İsrail’in Gazze’de işlemediği savaş suçu kalmadı / İsmail ÖZCAN
İsmail ÖZCAN yazdı...

İsrail’in Gazze saldırıları, o saldırıların sebep olduğu katliamlar, vahşetler altı günlük ateşkes hariç 2,5 aydan beri sürüyor. Ne 1. ve 2. Dünya savaşlarında ne de daha sonrasındaki çatışma ve savaşlarda İsrail’in Gazze saldırılarında kullandığı kadar orantısız güç kullanılmadı. Yine tarihte asimetrik savaşın bu savaştakinden daha etkili bir örneği görülmedi. Tam bir savaş makinesi olan İsrail, hiçbir ağır silahı olmayan HAMAS militanlarını bahane ederek halkıyla, tarihiyle, binalarıyla tüm Gazze’yi yakıyor, yıkıyor, cehenneme çeviriyor.

Şimdiye kadar hiçbir ülkenin/ordunun askeri, İsrail ordusu/askeri kadar canı istediği ölçüde/sayıda sivil/masum insan öldürme özgürlüğüne sahip olmadı. Gerek Gazze’de gerekse Batı Şeria’da İsrail askerleri hiçbir meşru gerekçe yokken canları istediği kadar insanı gözaltına alabiliyor, tutuklayabiliyor, aklına esen kötü muameleyi yapabiliyor; canı istediği kadarını da öldürebiliyor. Tarih bugüne kadar zulmün, barbarlığın bu kadarını hiç yazmadı.

İsrail’in son Gazze saldırıları dünya savaş suçları tarihine geçecek kural/teamül tanımazlıklarla doludur. Tarihte bugüne kadar yapılmış hiçbir savaşta İsrail’in Gazze saldırılarında işlendiği kadar savaş suçu işlenmemiştir. Savaş kurallarını belirleyen uluslararası sözleşmeler daha önceki hiçbir savaşta Gazze saldırılarındaki kadar ihlal edilmemiştir. Üçüncü ayına giren bu saldırılar sırasında hiçbir sivil hedef gözetilmemiştir. Çocuklar, kadınlar, yaşlılar, hastalar en ağır, en acımasız bombardımanlara hedef yapılmış; 20 bine yaklaşan sivil ölümlerinin yarısının kurbanı çocuklar olmuştur. Bilinen tarihteki bütün savaşlarda korunmuş, gözetilmiş olan hastaneler, okullar, ibadethaneler, mülteci kampları İsrail saldırılarında bile bile hedef yapılmıştır.

***

Özellikle son yüz yılın önemli başarılarından biri, bireylerin ve toplumların haber alma özgürlüğü yolunda büyük mesafeler alınmış olmasıydı. 20. ve 21. yüzyılın savaşlarında basın yayın organlarının savaş muhabirleri görevlerini yaparken konvansiyonel bir dokunulmazlığa sahiptiler; ama İsrail’in tek taraflı yürüttüğü Gazze savaşında bu dokunulmazlığa asla sahip olamadılar. 3. ayındaki bu savaşta şu ana kadar yüze yakın gazeteci hayatını kaybetti.

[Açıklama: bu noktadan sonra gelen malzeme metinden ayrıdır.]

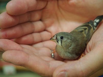 またまた来ました!キンカチョウのヒナ!こうしてるとおとなしいですが、ちょっとこのコの目の前に指とかさし出すと・・・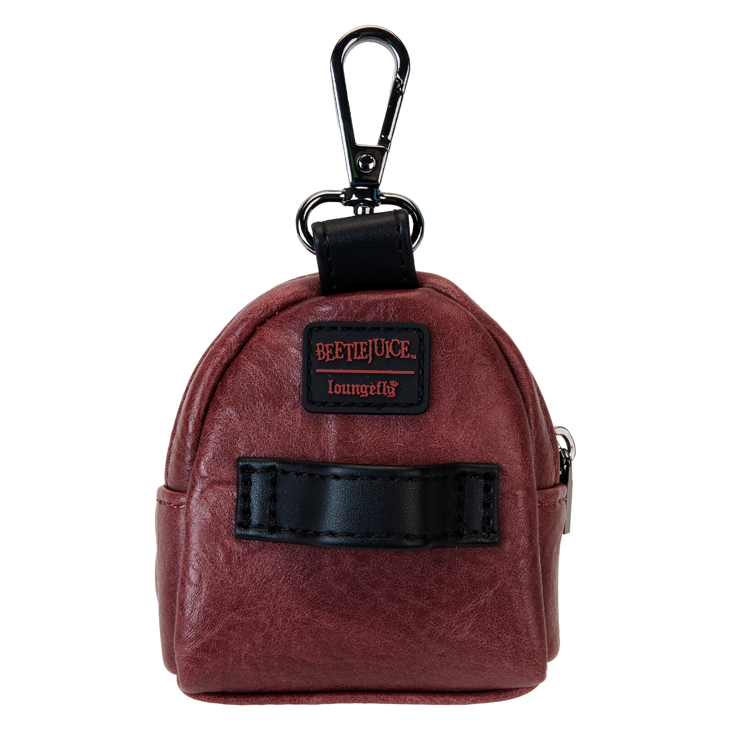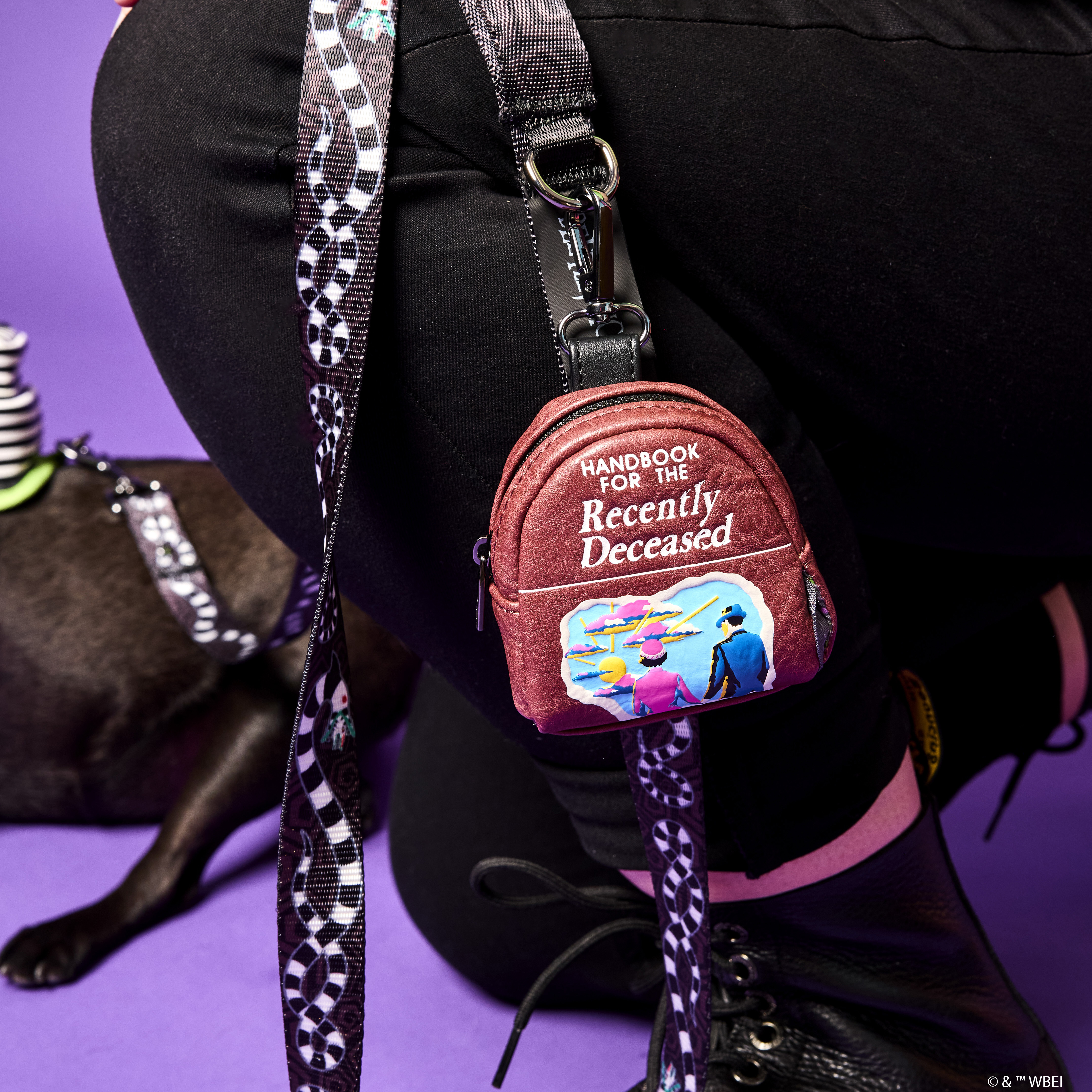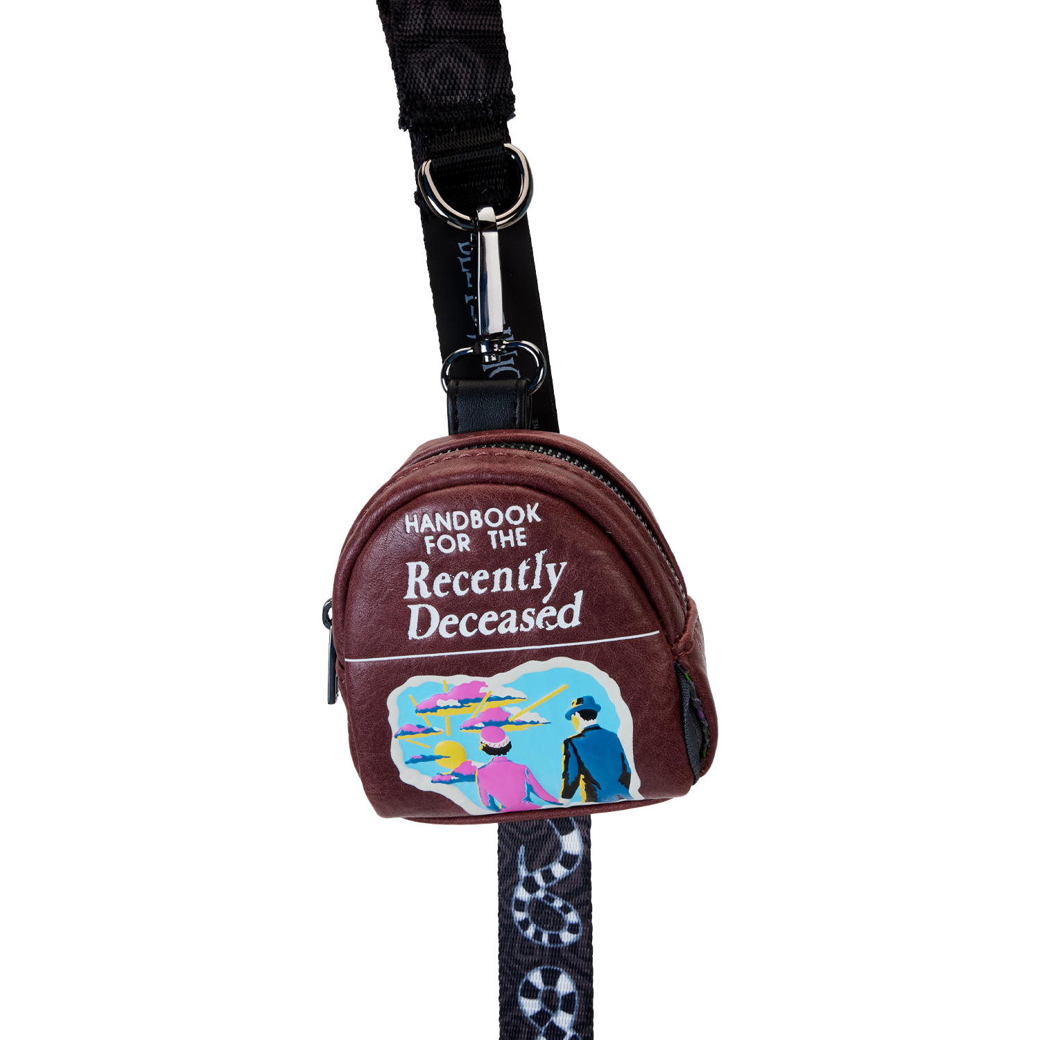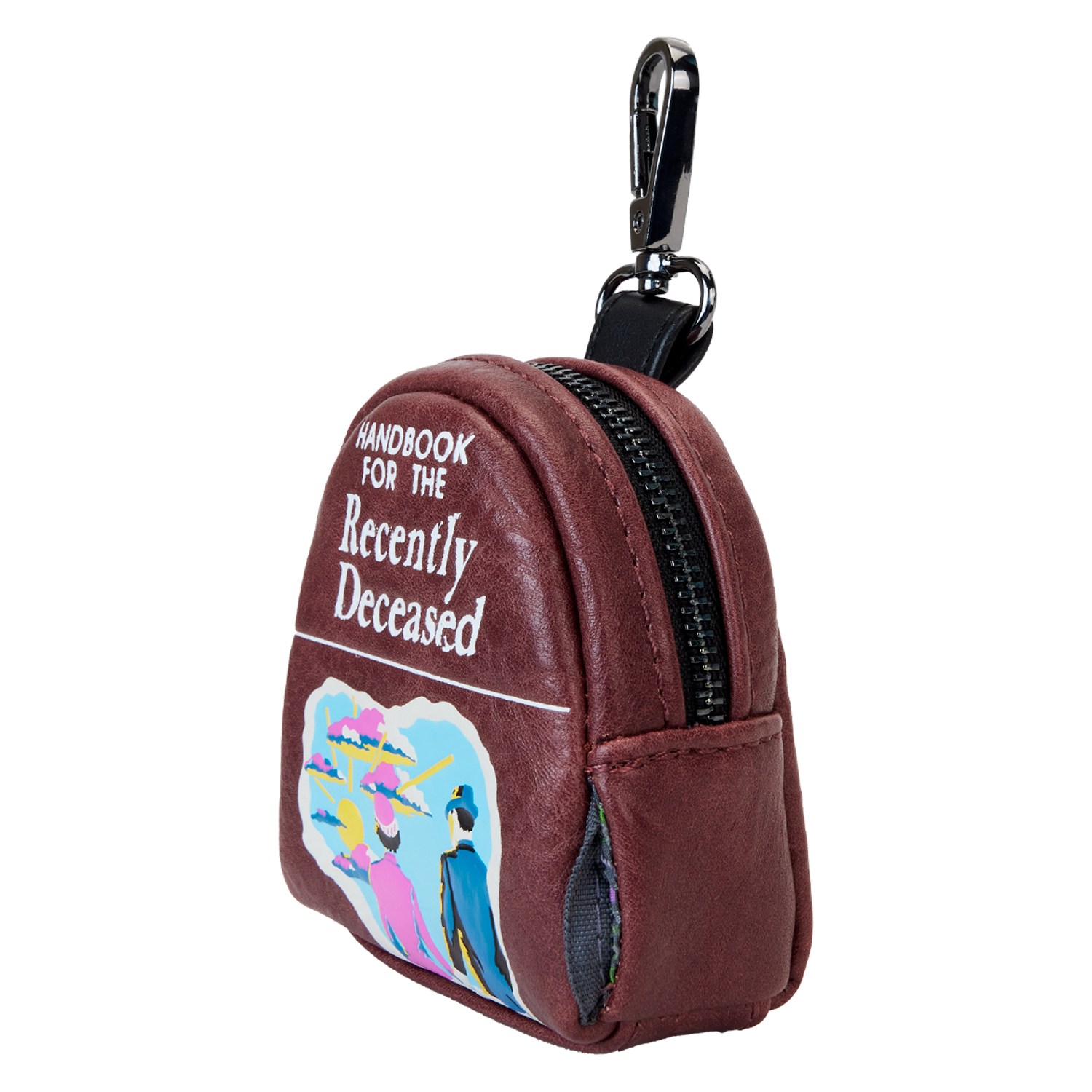 Book a trip for a spirited good time at the park! Our Beetlejuice: Handbook for the Recently Deceased Treat Bag is ready for adventures. This treat bag resembles the book from the movie, with “weathered” faux leather details and a replication of the front cover art. White lettering states the title of the book, and just below, a printed image reveals a couple, holding hands, ready to embark on a journey into the afterlife. Pack treats and other necessities in the zippered compartment and step out in style with a must-possess accessory.

Düşünce ve ifade özgürlüğü şampiyonluğunu kimselere bırakmayan Batılı devletler; Gazze/Filistin halkına “mazluma kimliği sorulmaz” ilkesi uyarınca destek veren, onlara uygulanan vahşet ve katliamı eleştiren kişilere, kurumlara, kuruluşlara engeller, yasaklar koydular. Şahıslara ve kuruluşlara tehditler yönelttiler, şantajlar yaptılar. Bu kapsamda çok sayıda yazarın, sanatçının, bürokratın işine son verdiler. ABD’de üniversitelerde öğrencilerin İsrail’i protesto etmesini engelleyemeyen rektörleri istifaya zorladılar. Çelişkinin, çifte standardın, kendini inkârın bu kadarının geçmişte örneği hiç görülmemiştir.

İsrail; Gazze saldırılarında uluslararası anlaşmaların günümüze kadar biriktirdiği; çağdaş uygarlığın gerektirdiği tüm insani erdemleri, değerleri bir paspas gibi çiğnemiştir!